§ Stored data
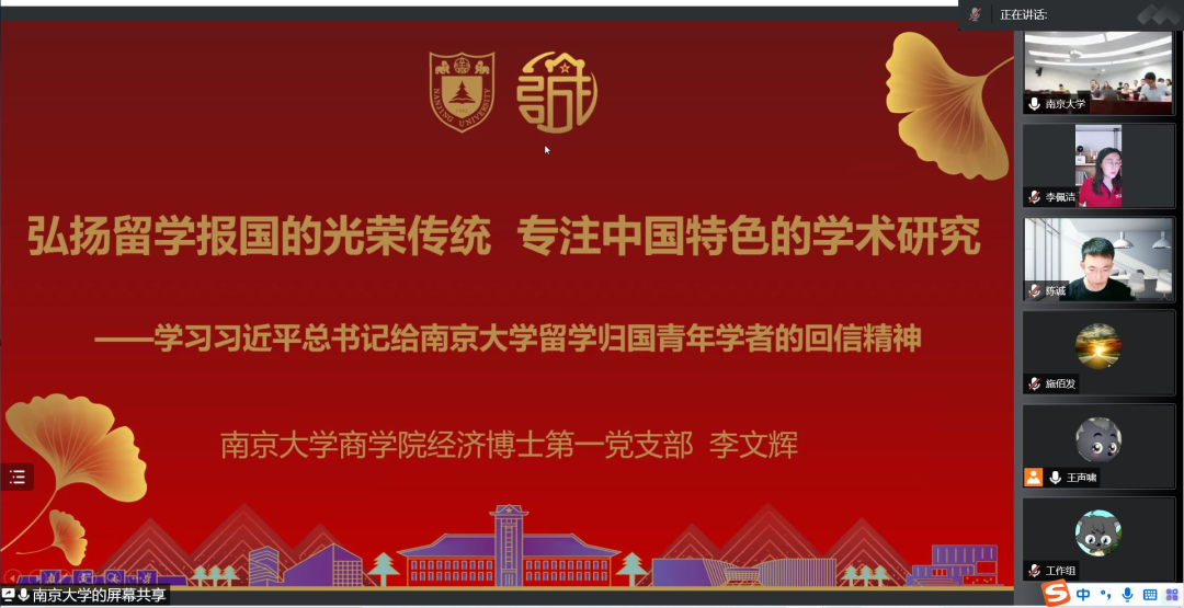 南京大学商Hcoimc经济博士第一党支部李文辉同志以“弘扬留学报国的光荣传统,专注中国特色的学术研究,学习习近平总书记给南京大学留学归国青年学者的回信精神”为主题进行了学习分享。李文辉分三个方面进行了介绍,一是留学报国的光荣传统彰显了青年学者的爱国情怀;二是在新发展阶段,需要大力弘扬留学报国的光荣传统;三是做到立足中国大地,专注中国特色的学术研究。
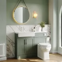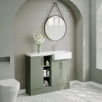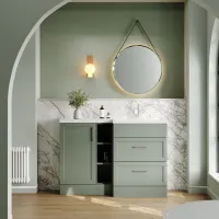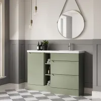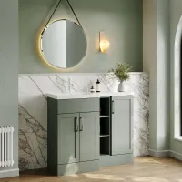 Nuie Lux Fable 1100mm Fern Green Traditional Combination Unit with L-Shaped Basin Right Hand with Soft Close Doors
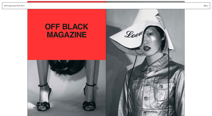 OFF BLACK MAGAZINE is a London based printed and digital publication. Each issue has its own strong design identity – allowing Off Black, along with its content, to continuously evolve and the reader to be constantly inspired. Both the printed publication and the online platforms gets redesigned with each issue – ensuring that everything about that issue is thought through.
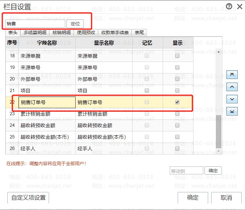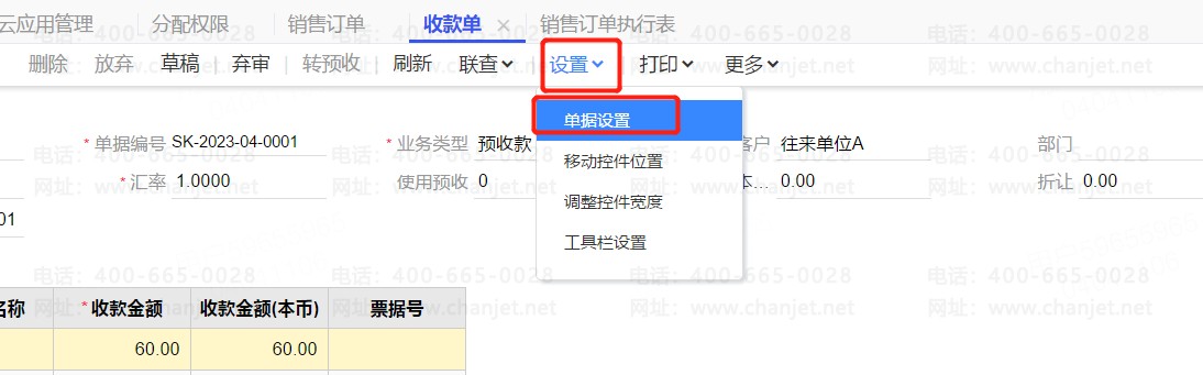 2.收款單單據(jù)設(shè)置將銷售訂單號勾選顯示
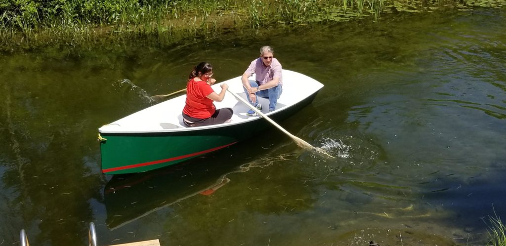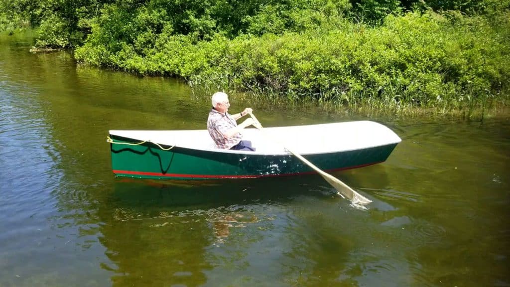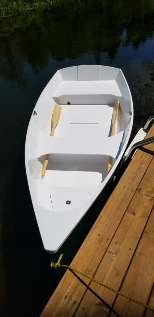 The Weekender 12′ is a pretty boat with classic lines and easy to move. A boat for 2 adults or 1 adult with 2 children. I built this boat in the spring of 2018 at the request of my sister who lives near Lac Mc Arthur in Val-des-Monts. Rowboat in 6mm marine plywood. 2 component polyurethane paint.
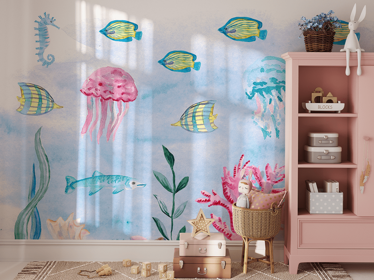 „Unterwassersymphonie“ Fototapete – Ein farbenfrohes Abenteuer, Meeresfantasie und eine Märchenwelt fürs Kinderzimmer
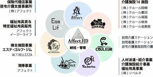 サービス付き高齢者向け住宅や住宅型有料老人ホームなど介護施設17施設をはじめとしてパーソナルジム、インドアゴルフ、エステなどを運営。 2011年岡崎市に(株)ビバントとして愛知県岡崎市に創業。介護施設を中心に店舗展開を続け、2024年複合施設ACT BELLEZZAをオープン。企業理念の「Happiness A Lot」をキーワードに事業展開を続ける。
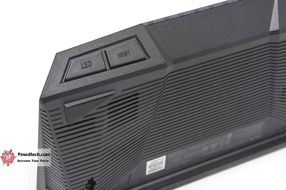 หงายด้านล่างของ AC87U ก็จะเห็นการออกแบบให้ตัวถังนั้นถูกยกขึ้นช่วยระบายความร้อน
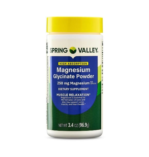 H4U - Spring Valley High Absorption Magnesium Glycinate Dietary Supplement Powder for Muscle Relaxation 3.4 oz
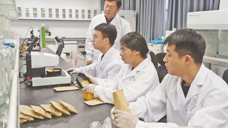 在國家現(xiàn)代農業(yè)產業(yè)園的實驗室,來自東北農業(yè)大學的研究生正在對大豆種子進行電腦數粒、離心分析密度等工作,為選育出高產、優(yōu)質、多抗的專用大豆品種提供基礎數據支撐。
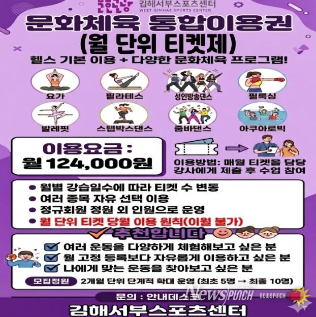 뉴스펀치 박세훈 기자 | (재)김해문화관광재단 김해서부스포츠센터는 이용자 중심의 유연한 운동환경 조성과 문화체육 프로그램 활성화를 위해 김해시 공공체육시설 최초로 ‘문화체육 티켓제 통합이용권’ 도입을 추진한다고 밝혔다.
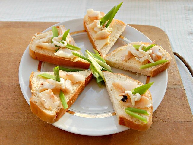 На прямоугольный ломтик белого хлеба, намазанный маслом с горчицей (см. «массы и масляные смеси к бутербродам»), положить кусочек рыбы (осетрины, севрюги, зубатки, морского окуня), на него немного майонеза. Сверху бутерброд украсить зеленым луком.
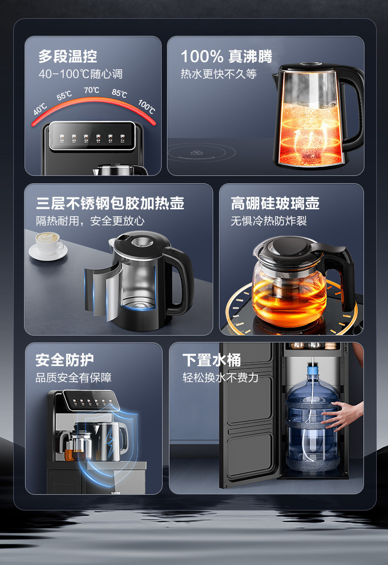 2025 ティーバーマシンスマートウォーターディスペンサーリビングルームホーム下部バケツ垂直断熱オールインワンマシンリアルタイム温度表示
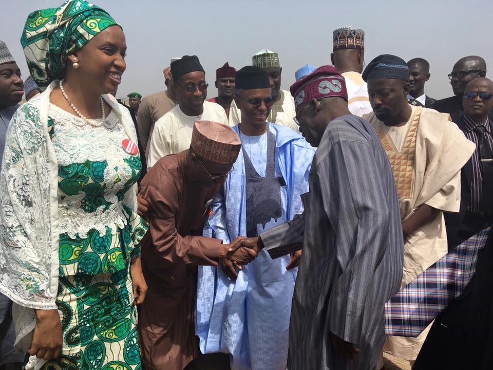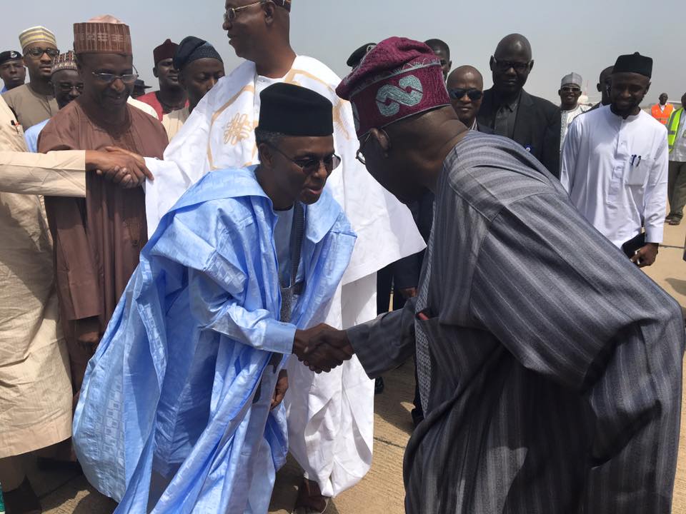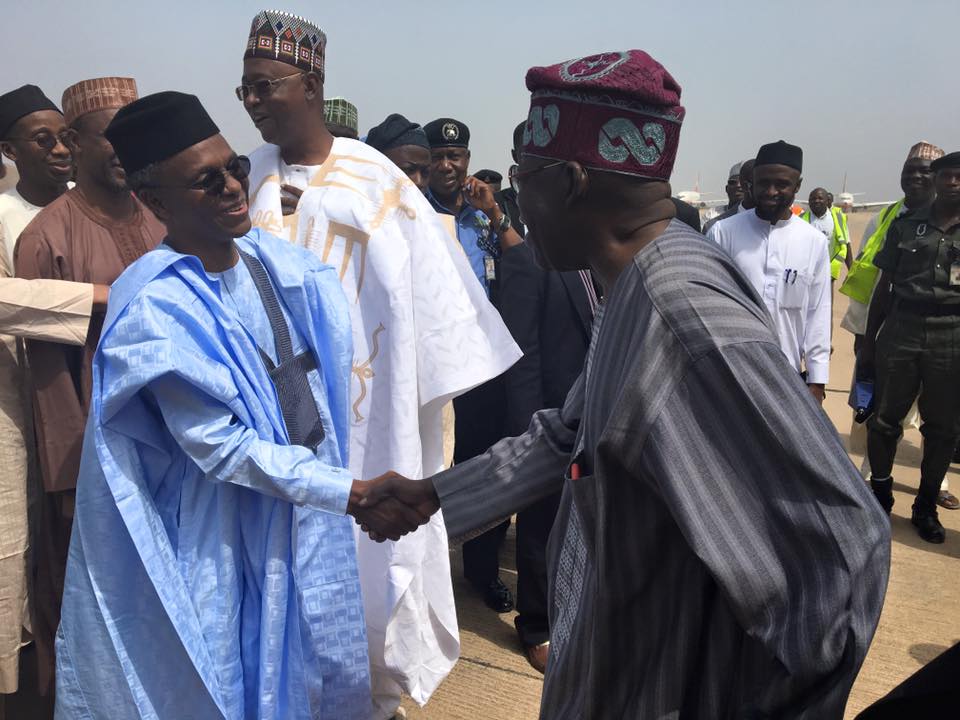 The APC pioneer and previous Governor of Lagos State His Excellency Asiwaju Bola Ahmed Tinubu the Jagaban lands in Kaduna for the launch of Kaduna State Government Taxi Scheme, Kaduna Cabs and received at the airplane terminal by the Governor of Kaduna State His Excellency Malam Nasir El-Rufai and his escort.

§ Problem description
Reprint the data verbatim, pictures excluded.

§ Solved exercise
 南京大学商Hcoimc经济博士第一党支部李文辉同志以“弘扬留学报国的光荣传统,专注中国特色的学术研究,学习习近平总书记给南京大学留学归国青年学者的回信精神”为主题进行了学习分享。李文辉分三个方面进行了介绍,一是留学报国的光荣传统彰显了青年学者的爱国情怀;二是在新发展阶段,需要大力弘扬留学报国的光荣传统;三是做到立足中国大地,专注中国特色的学术研究。
 Nuie Lux Fable 1100mm Fern Green Traditional Combination Unit with L-Shaped Basin Right Hand with Soft Close Doors
 OFF BLACK MAGAZINE is a London based printed and digital publication. Each issue has its own strong design identity – allowing Off Black, along with its content, to continuously evolve and the reader to be constantly inspired. Both the printed publication and the online platforms gets redesigned with each issue – ensuring that everything about that issue is thought through.
 2.收款單單據(jù)設(shè)置將銷售訂單號勾選顯示
 The Weekender 12′ is a pretty boat with classic lines and easy to move. A boat for 2 adults or 1 adult with 2 children. I built this boat in the spring of 2018 at the request of my sister who lives near Lac Mc Arthur in Val-des-Monts. Rowboat in 6mm marine plywood. 2 component polyurethane paint.
 „Unterwassersymphonie“ Fototapete – Ein farbenfrohes Abenteuer, Meeresfantasie und eine Märchenwelt fürs Kinderzimmer
 サービス付き高齢者向け住宅や住宅型有料老人ホームなど介護施設17施設をはじめとしてパーソナルジム、インドアゴルフ、エステなどを運営。 2011年岡崎市に(株)ビバントとして愛知県岡崎市に創業。介護施設を中心に店舗展開を続け、2024年複合施設ACT BELLEZZAをオープン。企業理念の「Happiness A Lot」をキーワードに事業展開を続ける。
 หงายด้านล่างของ AC87U ก็จะเห็นการออกแบบให้ตัวถังนั้นถูกยกขึ้นช่วยระบายความร้อน
 H4U - Spring Valley High Absorption Magnesium Glycinate Dietary Supplement Powder for Muscle Relaxation 3.4 oz
 在國家現(xiàn)代農業(yè)產業(yè)園的實驗室,來自東北農業(yè)大學的研究生正在對大豆種子進行電腦數粒、離心分析密度等工作,為選育出高產、優(yōu)質、多抗的專用大豆品種提供基礎數據支撐。
 뉴스펀치 박세훈 기자 | (재)김해문화관광재단 김해서부스포츠센터는 이용자 중심의 유연한 운동환경 조성과 문화체육 프로그램 활성화를 위해 김해시 공공체육시설 최초로 ‘문화체육 티켓제 통합이용권’ 도입을 추진한다고 밝혔다.
 На прямоугольный ломтик белого хлеба, намазанный маслом с горчицей (см. «массы и масляные смеси к бутербродам»), положить кусочек рыбы (осетрины, севрюги, зубатки, морского окуня), на него немного майонеза. Сверху бутерброд украсить зеленым луком.
 2025 ティーバーマシンスマートウォーターディスペンサーリビングルームホーム下部バケツ垂直断熱オールインワンマシンリアルタイム温度表示
 The APC pioneer and previous Governor of Lagos State His Excellency Asiwaju Bola Ahmed Tinubu the Jagaban lands in Kaduna for the launch of Kaduna State Government Taxi Scheme, Kaduna Cabs and received at the airplane terminal by the Governor of Kaduna State His Excellency Malam Nasir El-Rufai and his escort.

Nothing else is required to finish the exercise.